I rooted my phone s is off root checker says I have root access. I downloaded pdroid patcher and I have ran several roms through the patcher it says it was successful but when I zip it into my phone after deleting cache and everything and reboot my phone it says that there is no pdroid pacth its been about a week I been tryin to do this please help!


----------



## quickdraw86 (Jan 30, 2012)

the most recent version of pdroid is 1.32, if you're not using the v1.32 patcher, the patches won't work. not sure what versions of each you're running, but worth mentioning.


----------



## Liarsenic (Aug 10, 2011)

Also it sounded to me like you didn't flash the zip in recovery .... I may be misunderstanding you though.

Sent from my ADR6400L using Tapatalk 2


----------



## zmastastomp (Aug 16, 2012)

I tried the 1.32 first and when it didn't work I searched and people were sayin to use the 1.31 version so I have both.. I was selecting the rom from sd card manually in recovery is that flashing? I'm new to everything about computers


----------



## quickdraw86 (Jan 30, 2012)

zmastastomp said:


> I tried the 1.32 first and when it didn't work I searched and people were sayin to use the 1.31 version so I have both.. I was selecting the rom from sd card manually in recovery is that flashing? I'm new to everything about computers


no idea what you mean about manually selecting a rom. if you're trying to install the pdroid patch, you flash it in recovery onto a rom you have already installed after wiping cache and dalvik cache. make sure not to try and flash the rom and pdroid patch in the same visit to recovery, flash them separately in different trips into recovery. if you're in recovery and choose to install from SD card, choose .zip to install, and install, that's a flash. just make sure to wipe cache and dalvik cache when in recovery prior to flashing the .zip


----------



## zmastastomp (Aug 16, 2012)

So I take the pdroid files and put them into my sd card from the computer and flash them after I have already flashed a rom?


----------



## quickdraw86 (Jan 30, 2012)

zmastastomp said:


> So I take the pdroid files and put them into my sd card from the computer and flash them after I have already flashed a rom?

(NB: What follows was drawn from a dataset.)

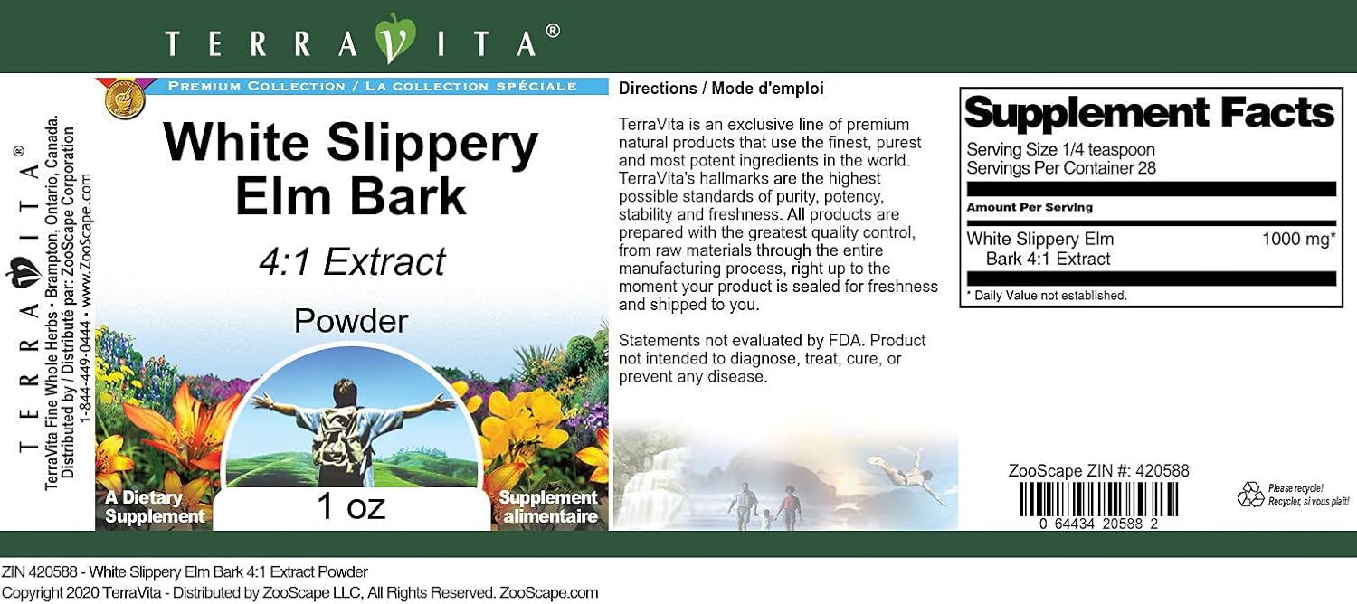 Ingredients: White Slippery Elm Bark 4:1 Extract

take the pdroid patch .zip you made on your computer, transfer it to your SD card, reboot to recovery, wipe cache and dalvik cache, and install it onto a rom you have already installed, yes.


----------



## zmastastomp (Aug 16, 2012)

Hmm when I tried to install the pdroid zip it said installation aborted


----------



## zmastastomp (Aug 16, 2012)

I also tried patching a rom with pdroid patcher but when I flash it it says that it was successful but when rebooted everything is stock thunderbolt no pdroid and nothing from the rom takes effect


----------



## Liarsenic (Aug 10, 2011)

The pdroid patch zip file has to be flashed in recovery. You install the app from the market AFTER you flash the patch in recovery. There is nothing in the zip that is going to be installable. The only way you will be able to tell if it worked is if you download the app after flashing the patch in recovery.

Sent from my ADR6400L using Tapatalk 2


----------



## zmastastomp (Aug 16, 2012)

i believe my problem was that i was patching the rom before trying to install it i believe i got it all figured out now thank you so much!!


----------